Phylogenetic analyses of chlamydial proteins in the Bacillariophyta support the occurrence of two independent HGT/EGT events. Unrooted maximum likelihood trees of concatenated data sets. Support values: maximum likelihood bootstrap/posterior probability. Scale bars = substitutions per site. (A) Concatenated data set of seven proteins showing relationship of diatoms to rhodoplants (12 taxa; 2675 amino acid positions). (B) Concatenated data set of five proteins showing a relationship of viridiplant and diatom genes (same 12 taxa as in Fig. 3A; 1736 amino acid positions). For a complete list of genes used in the two concatenated analyses see Additional File 5.

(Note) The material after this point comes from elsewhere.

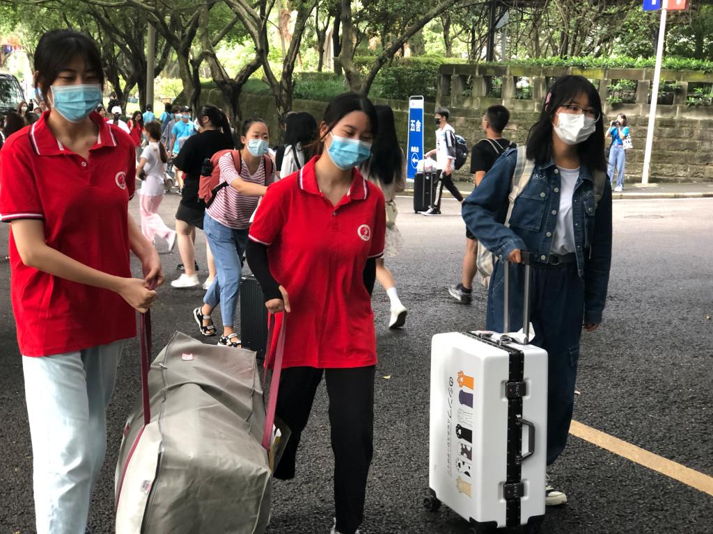 新葡萄8883官网AMG参加本次迎新的志愿者为40人,分别来自大二、大三年级。早上六点,着红色院服的新葡萄8883官网AMG志愿者们陆续从南岸校区出发前往江北校区新生接待处,大家完成签到、明确工作任务后,分头前往各自工作岗位投入了紧张繁忙地迎新接待准备工作。早上七点便陆续有提着行李的新生前来报到,一张张崭新的面孔为清晨的校园注入了新鲜活力。在校门口,志愿者们主动从家长手中接过新生的行李,带领新生有条不紊地去篮球场对应帐篷处领取报到单、去核算采样点做核酸、办理寝室入住手续等相关入学工作。放眼望去,校门口、核酸检测处、宿舍楼、校园道路上,到处都是志愿者们留下的红色身影,他们精神饱满,积极耐心,不辞辛苦,怀有满腔热情,热心为同学们服务。另外,为了让新生们尽快熟悉新环境,融入大学生活,作为学长、学姐的他们也细心地向新生们介绍学校各楼层分布,为新生指路,告知生活注意事项,为学弟、学妹们将来的生活提出了切身实际的建议,一路谈笑风生。炎炎烈日,难敌新一届求学渴望;默默奉献,方显志愿者无私真诚。

From these data the following tentative conclusions are drawn: (1) The Bacillariophyta obtained chlamydial genes from two sources of photosynthetic eukaryotes, the Rhodoplantae and the Viridiplantae, (2) it is very likely that the chlamydial proteins forming RB clades were obtained during the secondary endosymbiosis of a rhodoplant symbiont into a heterokont (or chromalveolate) host, (3) there is preliminary evidence that the endosymbiosis of the rhodoplant occurred before the Rhodoplantae diverged into Cyanidiophyta and Rhodophyta (although this needs to be further studied using a larger taxon sampling in the Rhodoplantae), (4) chlamydial proteins of the Bacillariophyta forming VB clades were obtained by HGT or EGT from a viridiplant alga before the Viridiplantae diverged into Streptophyta and Chlorophyta, (5) since the number of chlamydial proteins forming VB clades in the Bacillariophyta found so far is roughly equivalent to the number of chlamydial proteins forming RB clades, it is suspected that EGT rather than HGT was the source of the viridiplant genes, the endosymbiont (or its plastid) being no longer present in extant heterokonts (or chromalveolates), (6) it cannot currently be decided which of the two secondary endosymbioses preceded the other. If the above conclusions are valid, the two secondary endosymbioses may have taken place during the same time period. Two chlamydial proteins involved in essential plastidic pathways (fatty acid biosynthesis, FABI; isoprenoid biosynthesis, ISPG; nos 24 and 25, Table 1) occur in the Bacillariophyta and Viridiplantae, but not in the Rhodoplantae (both Cyanidiophyta and Rhodophyta; tree not shown), which harbor the cyanobacterial homologues (Table 1). For ISPG, two Glaucoplantae also contain the cyanobacterial homologue. If the rhodoplant symbiont of the Bacillariophyta also contained the cyanobacterial homologues (the most parsimonious scenario), the latter must have been replaced in the Bacillariophyta by the chlamydial homologue from the viridiplant symbiont, requiring the simultaneous presence of both eukaryotic symbionts in the host.

Discussion

Chlamydiae are a group of obligate intracellular bacteria that are well-known pathogens of animals and humans and have been studied for decades [38, 39]. More recently, a large diversity of previously unrecognized chlamydiae was discovered in the environment (e.g. [4042]), where they have been found in intracellular associations with diverse eukaryotic hosts ranging from amoebae to invertebrates. Phylogenetic and phylogenomic analyses of chlamydiae indicated that "environmental chlamydiae" represent a sister group of present-day chlamydiae pathogenic in animals, that separated from their common ancestor more than 700 million years ago [14], suggesting that the ancestor already lived intracellularly in eukaryotes. Recently, the Verrucomicrobia, which have been estimated to comprise up to 10% of the soil bacterial flora and have also been found in aquatic systems including lakes, marine sediments and hot springs but also live associated with eukaryotes, were identified as the closest known free-living relatives of chlamydiae [11, 43].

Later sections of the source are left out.